A contrario, aux USA, R. Kelly est un pilier incontournable de la musique RnB, une figure emblématique de leur pop culture et ce scandale ainsi que le mouvement #MuteRKelly pour le faire supprimer des radios et différents médias ont été des événements qui ont fait énormément de bruit. Son procès ainsi que le documentaire Surviving R. Kelly ont été énormément médiatisés, au point d’être immanquables, alors qu’en France beaucoup moins. De fait, le pitch de ce livre a forcément beaucoup plus percuté outre-Atlantique qu’ici auprès de la jeunesse.

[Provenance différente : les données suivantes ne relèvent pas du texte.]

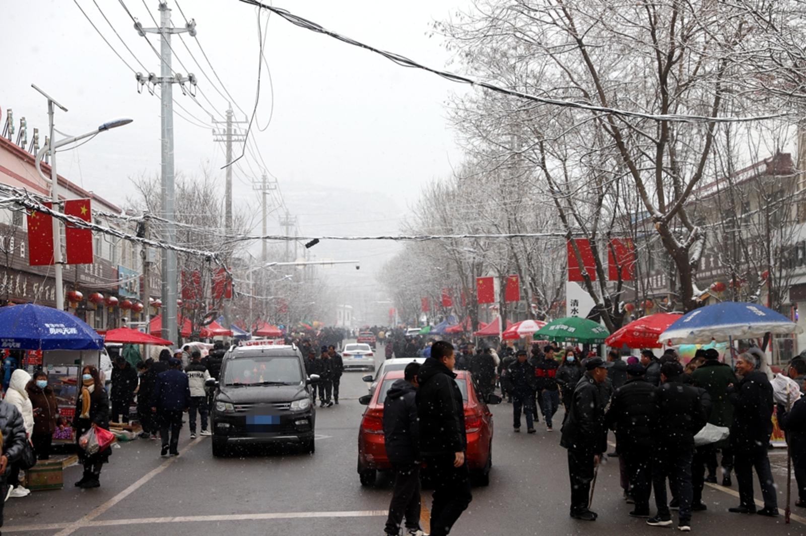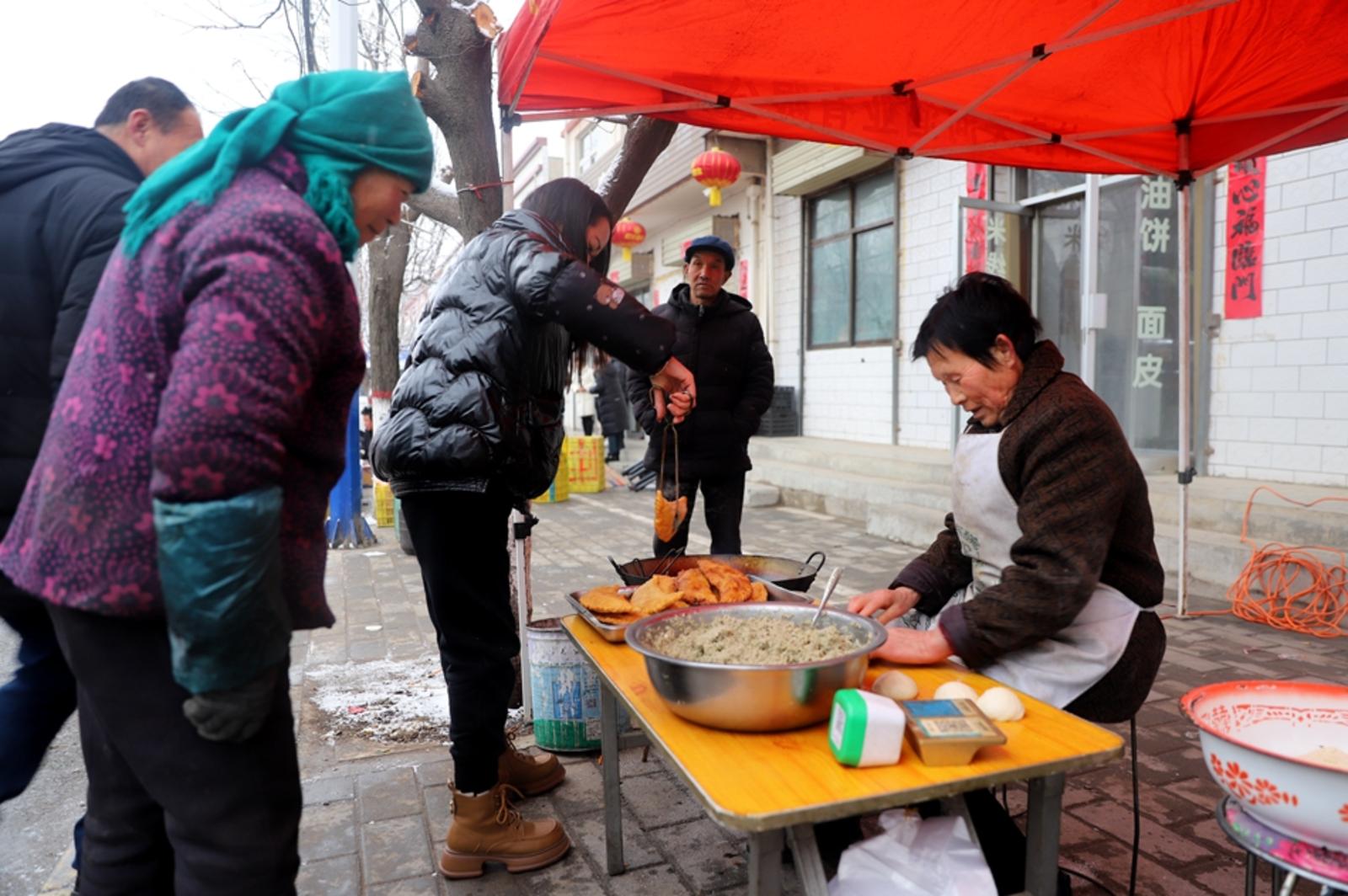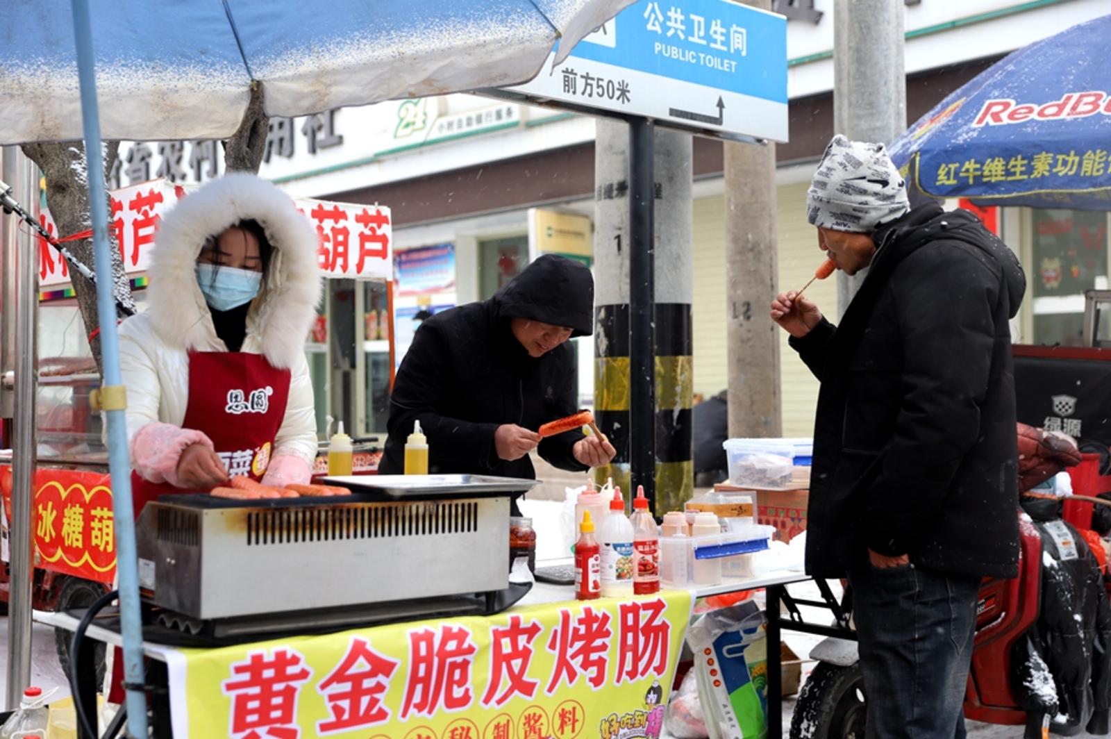 乡村大集是一份记忆,更是一种情结。漫天大雪依旧阻挡不了村民们赶集的热情,叫卖声、吆喝声、谈笑声此起彼伏,各类摊点上摆满了水果、百货、小吃等,货品齐全、琳琅满目。

Et comme tous les adultes, plus à même de connaître l’affaire, ne s’intéressent pas forcément à la lecture jeunesse, le livre n’a malheureusement pas trouvé son public.
Ce que je trouve dommage, car qu’on connaisse ou non le chanteur, le problème et la mécanique perverse associée est transposable à bien d’autres situations qui nous concernent en France. Par exemple, sa méthode de prédation m’a rappelé de nombreux scandales dévoilés avec #BalanceTonYoutubeur. Faire lire ce livre à de jeunes ado pourrait faire une belle prévention contre l’abus de pouvoir et l’aveuglement qu’on peut avoir pour certaines célébrités toxiques qui ne montrent d’elles qu’une image bien contrôlée.
Autre raison : si les problèmes de racisme sont indéniables en France, le clivage entre Blancs et Noirs est un point énorme – prédominant, même ? – des problèmes sociétaux Américains. Or, si cette affaire a finalement éclaté à grand bruit, cela vient également du silence initial des médias, de l’omerta dans l’industrie musicale et de l’inaction de la justice pendant des décennies, parce que ses proies étaient de jeunes filles Noires et qu’aux yeux de la société Américaine, elles ne comptaient pas vraiment. Si les victimes avaient été Blanches, on doute que le chanteur aurait pu perpétuer ses crimes en toute impunité pendant 30 ans, malgré les dénonciations et le combat des parents.
Et cette injustice est également bien traitée dans le livre. Un argument assez peu mis en avant dans les commentaires que j’ai pu lire en France, et de fait, je pense que le livre n’est pas forcément tombé entre les mains du public qui aurait pu être véritablement touché par ce thème.
Ajoutez à cela une petite mise en place en librairie, donc peu de visibilité en rayon, et vous obtenez malheureusement un échec commercial.
Et c’est dommage, car je pense sincèrement qu’il fait partie des lectures que j’aurais aimé avoir plus jeune, car outre être divertissante, elle est formatrice et alerte sur bien des choses.
Ce n’est pas un coup de coeur car une ou deux choses – pas très importantes – m’ont perdue sur la fin où le scénario s’accélérait peut être un peu trop vite à mon goût, mais ça n’enlève rien au fait que j’ai adoré ce livre et que j’espère qu’il finira par trouver son public.
En attendant, j’ai apporté ma pierre à l’édifice en l’offrant à la fille d’une amie âgée de 15 ans, et elle a adoré 🙂
Extraits :
Korey dit que l’amour est difficile. L’amour est compliqué et demande beaucoup de travail. Les règles sont différentes quand on aime une célébrité. Elles subissent tellement de pression. Et, en tant que petite amie, je dois le soutenir. Être compréhensive, plutôt que d’être casse-pieds. C’est donc ce que je fais. Je chante mon amour dans l’ombre, côté scène. Je m’assure qu’il a suffisamment à manger, à boire et d’espace lorsqu’il en a besoin. Il m’a tellement donné, ainsi qu’à ma famille. C’est le moins que je puisse faire pour lui.
Ta voix ne sert pas juste à chanter, tu sais ? Tu dois parler. Si ce n’est pas pour toi, fais-le pour la prochaine, parce qu’il y en aura d’autres si tu laisses les gens penser qu’ils peuvent s’en tirer après t’avoir fait du mal.
Le rêve de votre fille est d’être une star. Si vous allez voir la police, les labels la mettront sur liste noire. Elle n’aura aucune chance. Ce sera la parole d’une gamine contre Korey Fields. Mais si nous lui faisons un nom, ce sera la parole d’Enchanted contre la sienne. Et ça aura plus de poids.